*What is required*
Would you return exactly the lines below from the line with "O prefeito Ailton" through the line with "The dining room", both included, and nothing else, leaving out the pictures?

*Data for this exercise*
- - - -
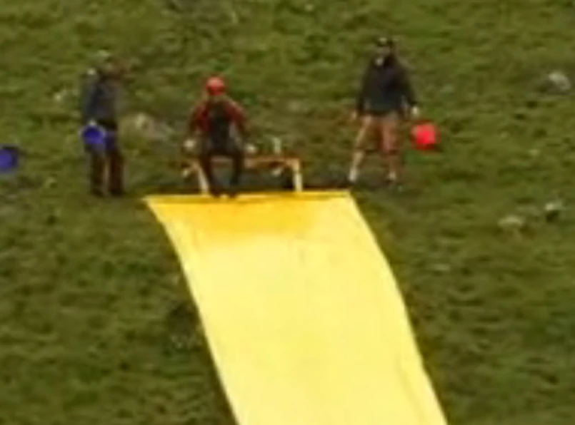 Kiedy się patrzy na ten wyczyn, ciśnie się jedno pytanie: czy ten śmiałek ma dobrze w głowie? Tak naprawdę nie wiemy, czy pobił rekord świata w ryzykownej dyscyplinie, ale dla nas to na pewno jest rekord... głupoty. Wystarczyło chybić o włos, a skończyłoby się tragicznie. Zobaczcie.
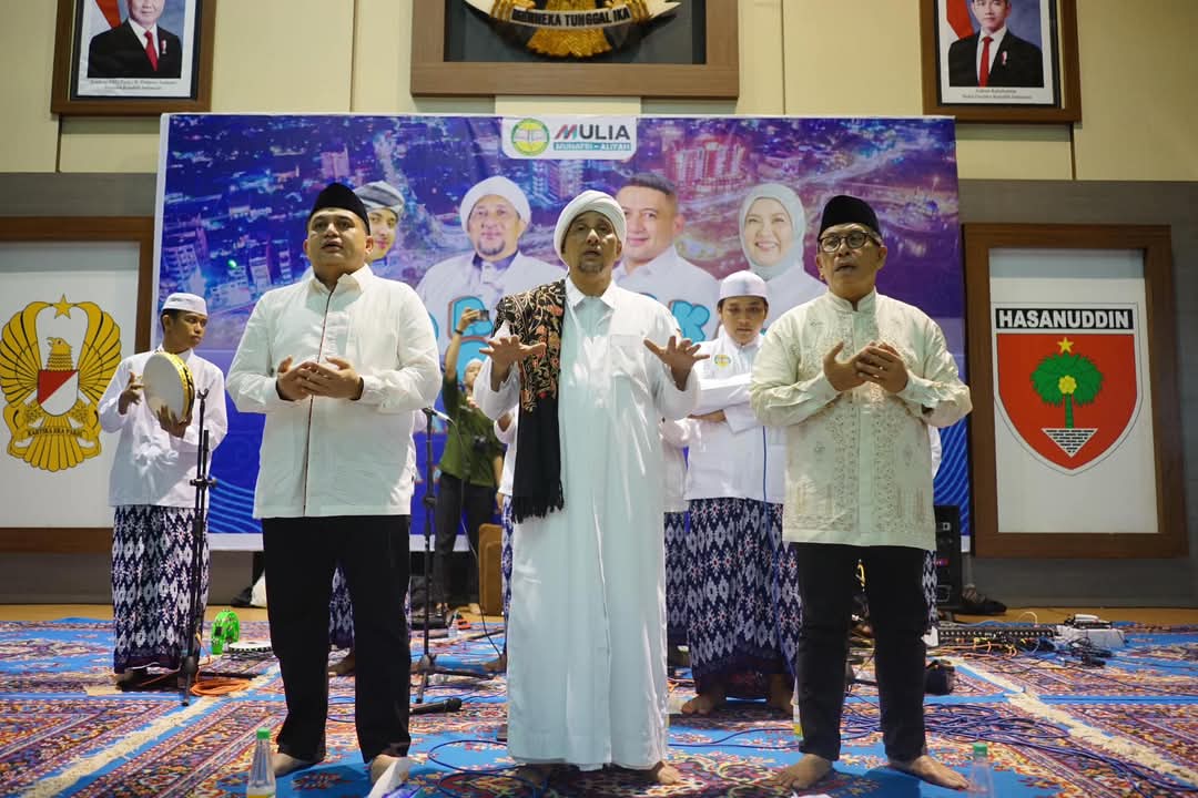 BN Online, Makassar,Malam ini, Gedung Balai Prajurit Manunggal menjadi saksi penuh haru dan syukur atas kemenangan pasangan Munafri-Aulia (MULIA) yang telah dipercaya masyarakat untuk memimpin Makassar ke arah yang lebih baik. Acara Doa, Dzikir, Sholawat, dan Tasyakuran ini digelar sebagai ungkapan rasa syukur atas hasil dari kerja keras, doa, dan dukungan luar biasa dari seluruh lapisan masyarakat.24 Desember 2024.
- - - -
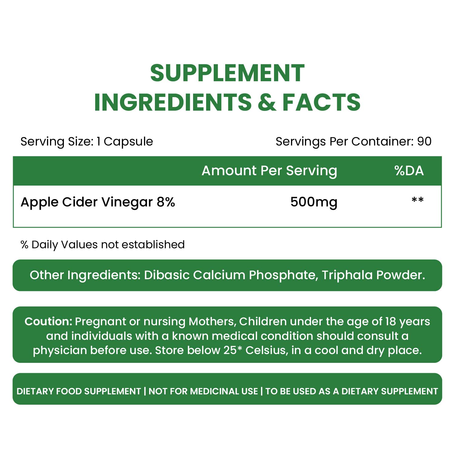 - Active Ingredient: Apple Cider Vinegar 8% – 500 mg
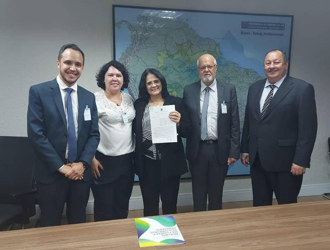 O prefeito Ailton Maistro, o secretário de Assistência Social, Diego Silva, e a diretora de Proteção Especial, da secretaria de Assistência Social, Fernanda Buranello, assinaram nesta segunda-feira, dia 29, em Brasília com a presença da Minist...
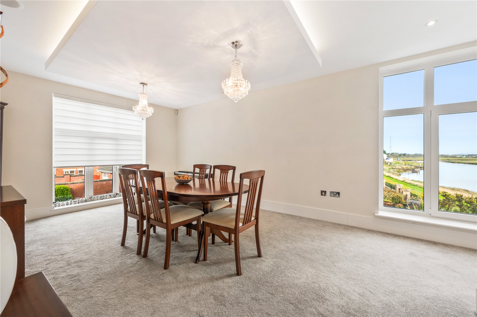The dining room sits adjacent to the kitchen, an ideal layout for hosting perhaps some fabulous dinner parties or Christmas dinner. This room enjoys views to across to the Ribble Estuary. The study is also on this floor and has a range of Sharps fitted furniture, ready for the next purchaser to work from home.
- - - -
*Written solution*
 O prefeito Ailton Maistro, o secretário de Assistência Social, Diego Silva, e a diretora de Proteção Especial, da secretaria de Assistência Social, Fernanda Buranello, assinaram nesta segunda-feira, dia 29, em Brasília com a presença da Minist...
The dining room sits adjacent to the kitchen, an ideal layout for hosting perhaps some fabulous dinner parties or Christmas dinner. This room enjoys views to across to the Ribble Estuary. The study is also on this floor and has a range of Sharps fitted furniture, ready for the next purchaser to work from home.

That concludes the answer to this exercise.